Surprised it isn't leaking. It will probably come back. That was a lot of crystalized def.
Clear the code then do a def quality test.
You might want to verify the def nozzle is spraying.

If you have Gretio you can rest the nox sensors.

3 egt's.
#4 might be egr temp.


----------



## Detrious (Jul 5, 2017)

NOx sensors will show a negative reading, usually, until they are hot enough to calibrate and read properly. They electrically heat themselves up a bit at first but the whole system needs to reach a certain temp before they heat up fully. I know on Cummins engines they wake up around 450-500F EGT, the negative number changes for about a minute then it reads the true NOx ppm. Driving it will cause it to reach that system temp pretty quickly and they will calibrate. Sitting idle in a driveway from when the system was cold will take quite some time, if it reaches it at all on our engines.

EGT4.... it could be the PM sensor, maybe? Torque doesn't quite have the right PIDs for this engine so using the defaults can be wonky. I also recommend gretio if you want to do your own work on this car.


----------



## 502scs (Dec 9, 2015)

Great info guys... I do have Gretio .
How can I see if the nozzle is spraying?
I can swap nozzle and pump from other car to test ... Make sense?


----------



## Detrious (Jul 5, 2017)

Best way would be remove it from the pipe and do a reductant quantity test with the app, it will force it to spray without the engine running. You are supposed to use a graduated container to see how much comes out in a certain amount of time but I don't know what the quantity is supposed to be. You could also use the app to put it into a service regeneration and then watch the NOx numbers. If 2 is lower than 1 then it is spraying.

I'd personally start by removing it and testing. Hopefully no bolts break on you.


----------



## 502scs (Dec 9, 2015)

Car has been in central Florida whole life so no rust even exhaust is still clean so hopeful.
I will get car back on stands after work and try those tests.
Weird how this failed after driving 8 hours without shutting it off towing my motorcycle on trailer from NC with the cruise on 78mph .. Seems like regen heaven  
Thank you again and I will update when done.


----------



## 15cruzediesel (Sep 30, 2019)

Gretio might have a def pump on command. Not 100% sure.
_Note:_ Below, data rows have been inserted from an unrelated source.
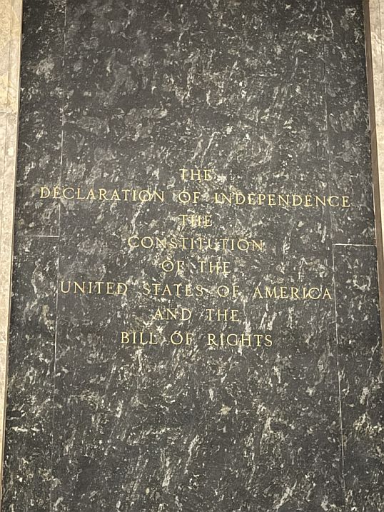 Inside that dark, recessed area are the original, priceless parchment copies of the Declaration of Independence, the U.S. Constitution, and the Bill of Rights. These are the Charters of Freedom.
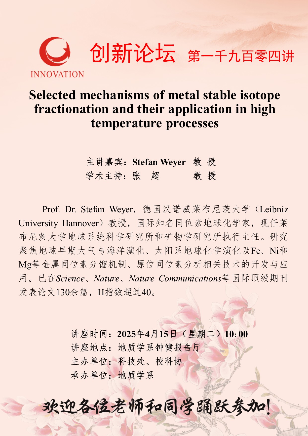 乐鱼网页版页面登录创新论坛第一千九百零四讲:Selected mechanisms of metal stable isotope fractionation and their application in high temperature processes
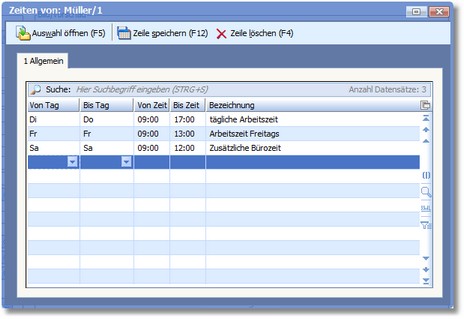 3. In den Spalten VON/BIS TAG und VON/BIS ZEIT können Sie die verschiedenen Zeiten Ihres Ansprechpartners eintragen bzw. ändern. z.B. Öffnungszeiten, Mittagspause, Telefonzeiten usw. Mit [F5] öffnet sich in den Spalten "Von/Bis Tag" eine Auswahltabelle.
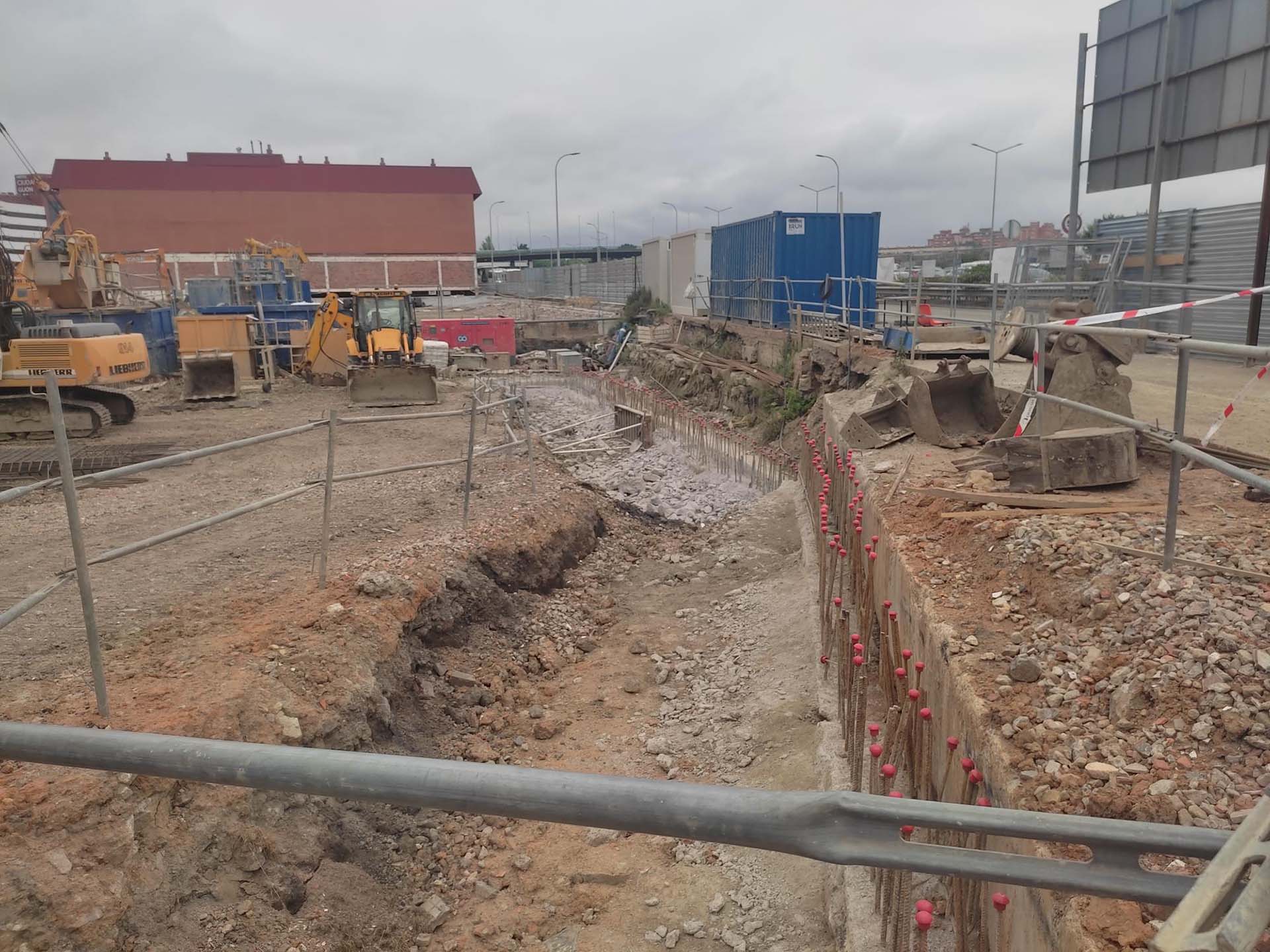 La obra se encuentra en fase de contención. Se sigue realizando el muro pantalla perimetral, actualmente con más del 80% ejecutado, antes de poder proceder con el vaciado.
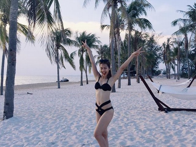 Người đẹp gốc Điện Biên vừa khoe những tấm ảnh diện bikini nóng bỏng trong chuyến nghỉ dưỡng cùng con trai để tránh cái nóng Hà Nội.
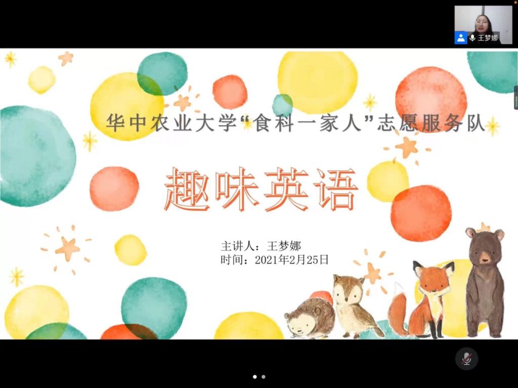随着国际全球化发展,英语作为主要的国际通用语言,在我们的学习和生活中显得越来越重要。2月25日晚,由我校“食科一家人”志愿服务队主办,洪山区金鹤园社区协办的“趣味英语”活动举行,此次活动由志愿者王梦娜主讲,旨在通过介绍英语历史背景以及讲解趣味知识点来培养小朋友对英语学习的兴趣。
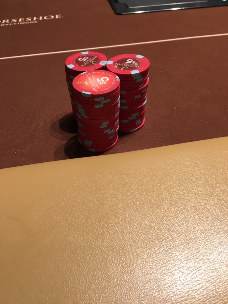 And so he did! Couple players from a broken 5/10 game brought some color up to his table. Out for $730.Buddy of mine just sitting to Horseshoe Baltimore. I'm not there, but he knows I gotta have some chip picsAlready up $100 in the first orbit after this buyin pic. Hoping his next one has some quarters and hundreds for me to check out!

IMHO, I'd clear the codes and do the reductant test.
The p249d low flow was most likely from the mystery leak.

My concern is any residual def in the injector might be crystalized and not allowing it to spray.


----------



## 502scs (Dec 9, 2015)

Thank you! I will try that and update after work... 
So on your tag line .... when does that come to mind Cool hand Luke or GnR quote ?


----------



## Snipesy (Dec 7, 2015)

Detrious said:


> Best way would be remove it from the pipe and do a reductant quantity test with the app, it will force it to spray without the engine running. You are supposed to use a graduated container to see how much comes out in a certain amount of time but I don't know what the quantity is supposed to be. You could also use the app to put it into a service regeneration and then watch the NOx numbers. If 2 is lower than 1 then it is spraying.
> 
> I'd personally start by removing it and testing. Hopefully no bolts break on you.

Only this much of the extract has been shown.